There is a controversial program that could pay homeowners for staying in their home. The Responsible Homeowner Award Program was developed as a way to keep homeowners in their homes and paying their underwater mortgages by offering cash incentives. Created to help stop defaulting before it happens, the program pays cash bonuses from 10-30% of the mortgage balance in exchange for maintaining current mortgage payments.
Does this sound too good to be true? Well there is a catch. You cannot apply for the Responsible Homeowner Award Program. The lender has to approach you to participate. What lenders participate in the program, you may ask? The answer is, no one knows. The list of participating lenders is not public. Although the program is meant to help those who owe more on their mortgage that their home is worth, these Americans will have to wait and see if they are among the homeowners chosen to receive the award.
Much of the controversy lies with why we are developing programs to reward individuals for meeting their financial obligations. There are those who think that incentivizing people to pay their mortgage enabled irresponsible financial behavior. After all, if someone could afford to make their mortgage payments on time in order to receive a bonus, then they could have made them without a bonus. Shouldn’t homeowners make their mortgage payments on time because they agreed to on the original mortgage agreement and not because they are being paid to do so?
With almost 25% of homeowners over mortgaged (owing more than the home is valued), a great deal of the country is struggling. Right now, the available help seems geared toward those who are defaulting on their mortgage. If homeowners are not making payments on time, then modification programs can help prevent foreclosure.
Homeowners who continue to make their payments regardless of the loan to value ratio have not had any programs to help them through this dip in the market. The Responsible Homeowner Award Program has been geared to change that.

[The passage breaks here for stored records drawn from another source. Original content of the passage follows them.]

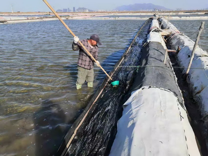 2021年,他服從公司生產(chǎn)機(jī)制的轉(zhuǎn)換,被安排到海濱三組18號灘作為領(lǐng)灘手,負(fù)責(zé)鈣液生產(chǎn)。為了不浪費(fèi)每一毫米的蒸發(fā)量,每天天剛蒙蒙亮,就能看見他在縱橫阡陌的鹽田間穿梭,根據(jù)灘田結(jié)構(gòu)、針對不同季節(jié)確定走水路線,每天重復(fù)著調(diào)節(jié)鈣液、修整溝堰、修補(bǔ)塑布的工作,遇到大雨,他就不回家,守在灘上,及時把鈣液按照不同濃度引進(jìn)鹵臺、鹵窖,雨水結(jié)束,第一時間把灘面淡水排掉,將鈣液回引進(jìn)行晾曬。在生產(chǎn)面積僅有311畝的情況下,他每天要走3萬-4萬步,不僅對他自己的生產(chǎn)單元,對整片鈣液生產(chǎn)單元了如指掌,有多少閘門,多少電線桿,都了然于心。全年下來,生產(chǎn)鈣液28000方,在12個鈣液生產(chǎn)單元中名列前茅,領(lǐng)先超9000方,實(shí)至名歸的生產(chǎn)標(biāo)兵。
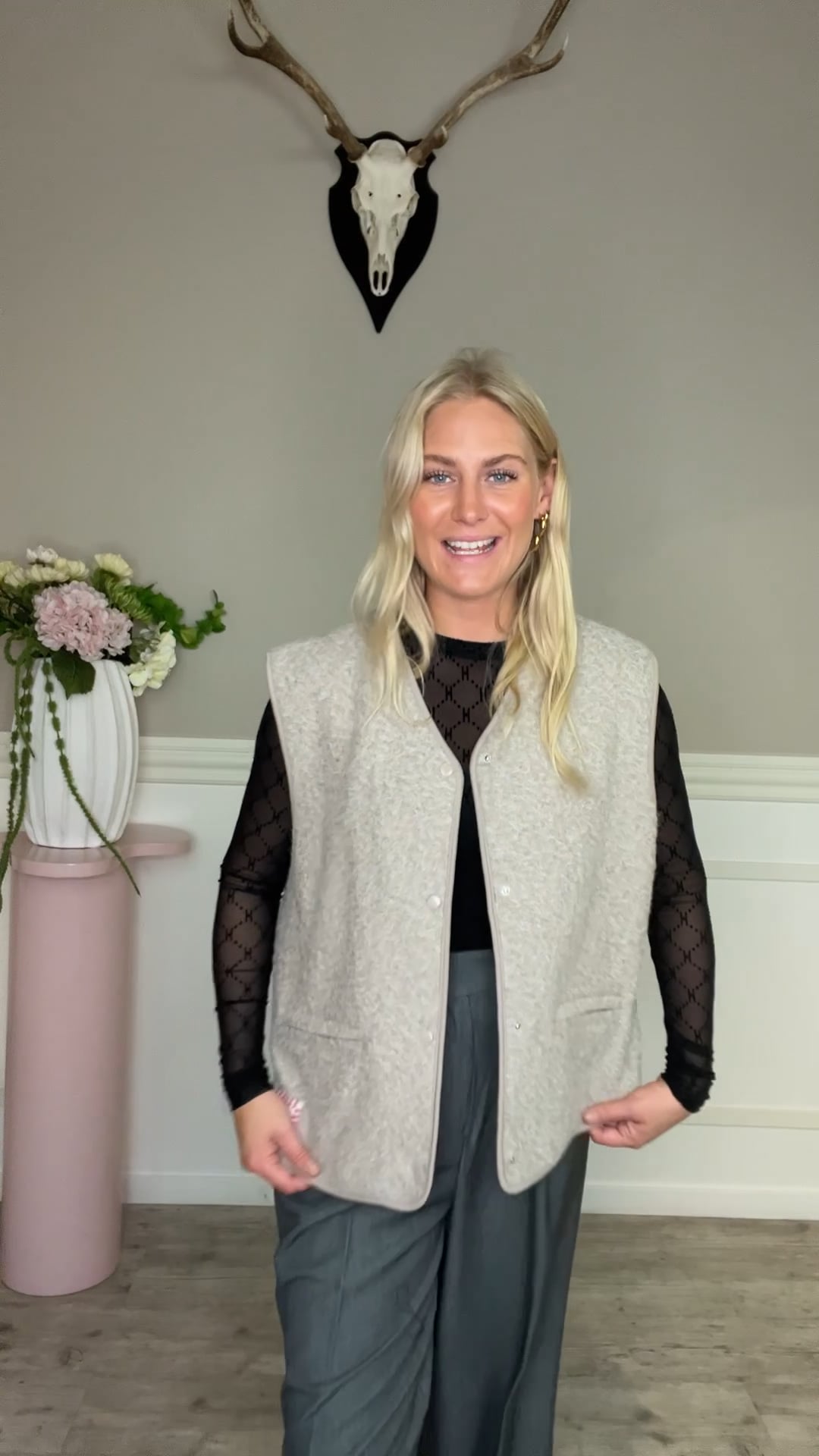 En simpel vest fra Ichi i et uld look. Den er nem til hverdag både åben og lukket hvor du kan bruge en bluse eller en t-shirt under. Den har flade lommer foran og en lille detalje i bunden. Den findes også i brun.
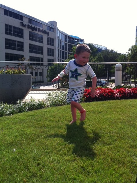 After being cooped up in his room with no energy and feeling like you-know-what for a week, Keegan took out all that pent up energy and boost to his blood counts to run around like a mad man outside for about 30 minutes this afternoon. Follow that with his first bath in a week, and by 7:15pm, you have the end result of…
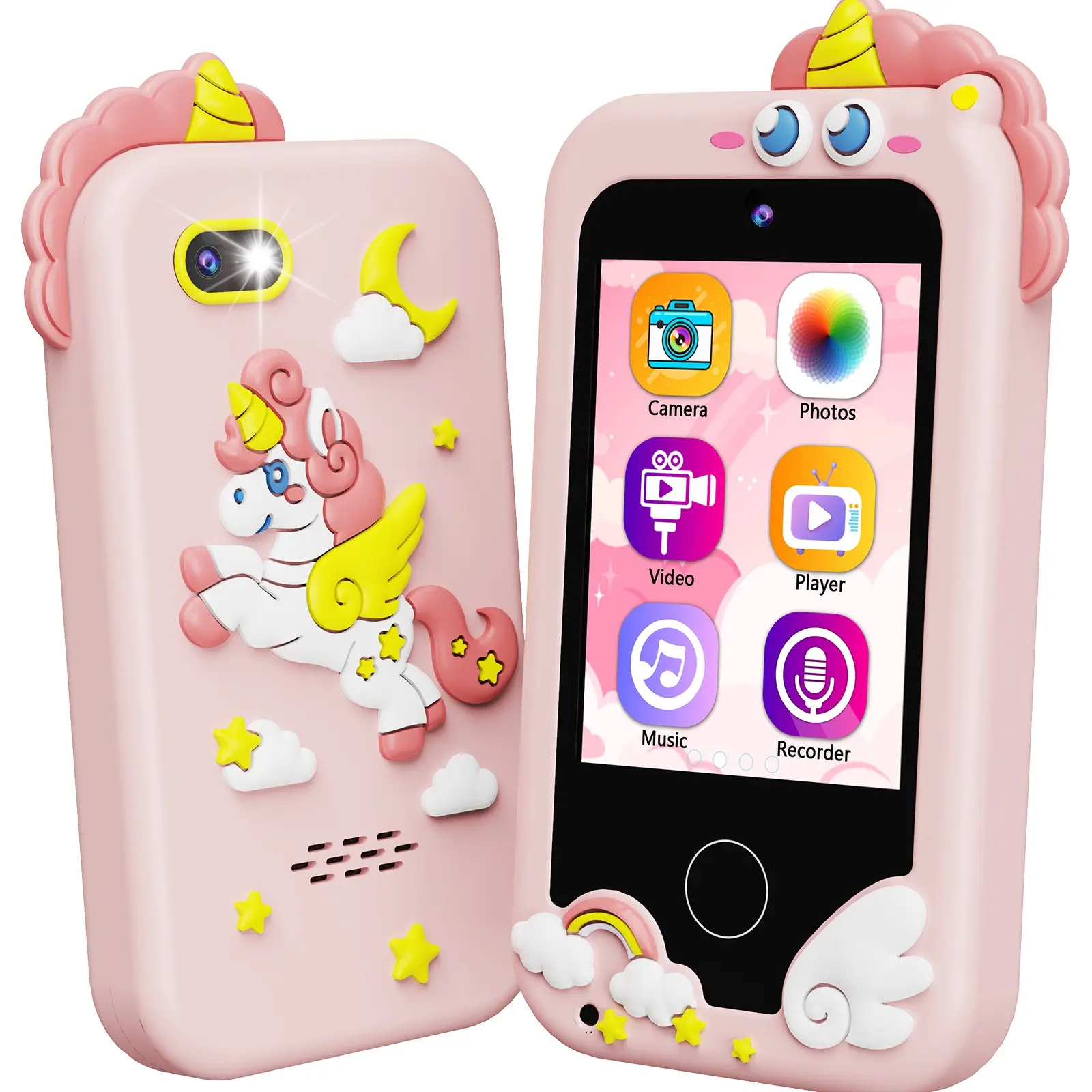 Smartphone Toy with Dual Camera: Explore tons of fun with this toy phone! Featuring a 2.8" IPS touchscreen and multiple functions such as camera, photos, video, music, calculator, calendar, torch, stopwatch, ABC learning, games, 26 mobile screensavers, and 11 wallpapers, it can be used as an MP3 player, camera, music player, game player, alarm clock, and calendar. This versatile toy offers both play and learning opportunities.

So the question remains, should people be rewarded for meeting their contractual obligations? As long as there are programs to bail out those who do not make their payments on time, maybe the ones who do should get some recognition. Homeowners who are deep underwater in their current mortgage are making the conscious choice, a strategic business decision, to default and walk away from these homes or bear down and stick it out. Is providing an incentive for homeowners to keep up payments and stay in over mortgaged properties the answer to the ever-increasing number of foreclosures? What do you think?